SACT: Matthew wrote Luke to support his own story

Discussion about the New Testament, apocrypha, gnostics, church fathers, Christian origins, historical Jesus or otherwise, etc.
mlinssen
Posts: 162
Joined: Tue Aug 06, 2019 11:01 am
Location: The Netherlands
Contact:

Re: SACT: Matthew wrote Luke to support his own story < argumentation

Post by mlinssen » Mon Oct 12, 2020 7:40 am

MrMacSon wrote:
Sun Oct 11, 2020 2:01 pm
mlinssen wrote:
Sun Oct 11, 2020 8:49 am
Marcion starts at Luke chapter 4:16,1 and the infamous error that Luke makes is that he gets told to repeat what he did in Capernaum, where in Luke he hasn't been yet.2
1 I presume you mean - a better way of putting it would be - Marcion doesn't appear in Luke until 4:16 (?)

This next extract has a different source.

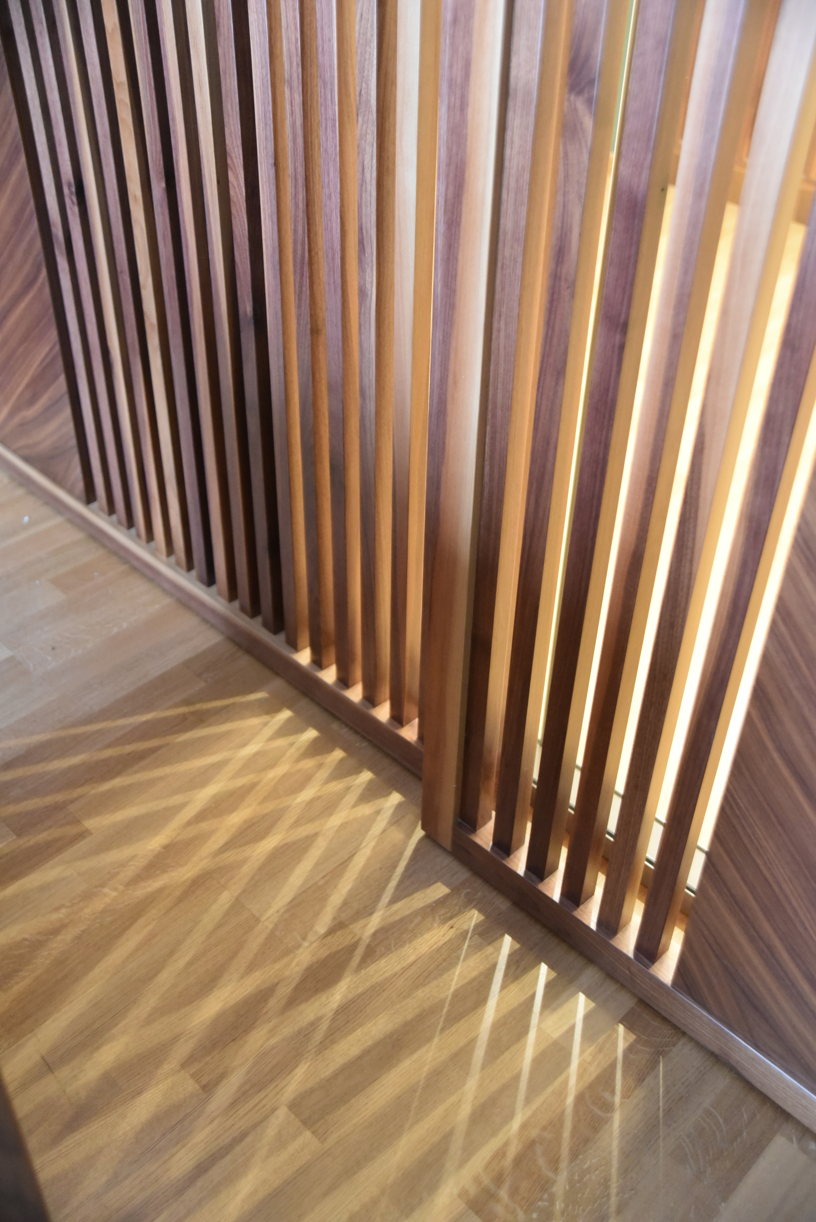 the floor is the same from both sides of the panels therer placed in an office interior diffideres

2 I don't get this: who hasn't been yet?
I missed this one, sorry

Yes, wanting to say too much with too little!

Marcion doesn't appear in Luke until 4:16 indeed, and even that is not precise enough.
And Jesus hasn't been yet, when he says they would say

Jesus said to them, "Surely you will quote this proverb to me: 'Physician, heal yourself!' And you will tell me, 'Do here in your hometown what we have heard that you did in Capernaum.'"

In Marcion he has, in Luke he hasn't - explicitly been in Capernaum. And where it could be condoned in Marcion to suggest that he had by implicit use, as it was where he descended, Luke is trying hard to debunk all that by suggesting that Nazareth is πατρίδι σου, making Capernaum just another town

mlinssen
Posts: 162
Joined: Tue Aug 06, 2019 11:01 am
Location: The Netherlands
Contact:

Re: SACT: Matthew wrote Luke to support his own story < argumentation

Post by mlinssen » Mon Oct 12, 2020 7:43 am

Ben C. Smith wrote:
Sun Oct 11, 2020 2:20 pm
MrMacSon wrote:
Sun Oct 11, 2020 2:01 pm
mlinssen wrote:
Sun Oct 11, 2020 8:49 am
Marcion starts at Luke chapter 4:16,1 and the infamous error that Luke makes is that he gets told to repeat what he did in Capernaum, where in Luke he hasn't been yet.2
1 I presume you mean - a better way of putting it would be - Marcion doesn't appear in Luke until 4:16 (?)
Marcion does not appear in Luke at all. At any rate, the beginning of the Marcionite gospel appears to have been Luke 3.1 + Luke 4.31-35 + Luke 4.16-30, in that order. I think what Martin means is that Luke 4.16 begins the first actual Lucan event in its current Lucan order which appears in the usual reconstructions of Marcion.
2 I don't get this: who hasn't been yet?
Jesus has not yet been to Capernaum in Luke 4.23, which has people asking him to replicate the miracles he did in Capernaum. The Marcionite gospel is not as disjointed here, since it reverses the order of events, making it so that Jesus has indeed been to Capernaum by this point of the narrative.
A perfect 10 to Ben!

mlinssen
Posts: 162
Joined: Tue Aug 06, 2019 11:01 am
Location: The Netherlands
Contact:

Re: SACT: Matthew wrote Luke to support his own story

Post by mlinssen » Mon Oct 12, 2020 7:49 am

Bernard Muller wrote:
Sun Oct 11, 2020 3:24 pm
to mlinssen,
That depends on motive and purpose, Bernard. I think there are more than enough similarities between Luke and Matthew, wouldn't you think so?
Most of the similarities can be explained by "Matthew" & "Luke" having gMark & Q. gLuke & gMatthew have also noticeable important differences.
Note: the Q authors had knowledge of gMark.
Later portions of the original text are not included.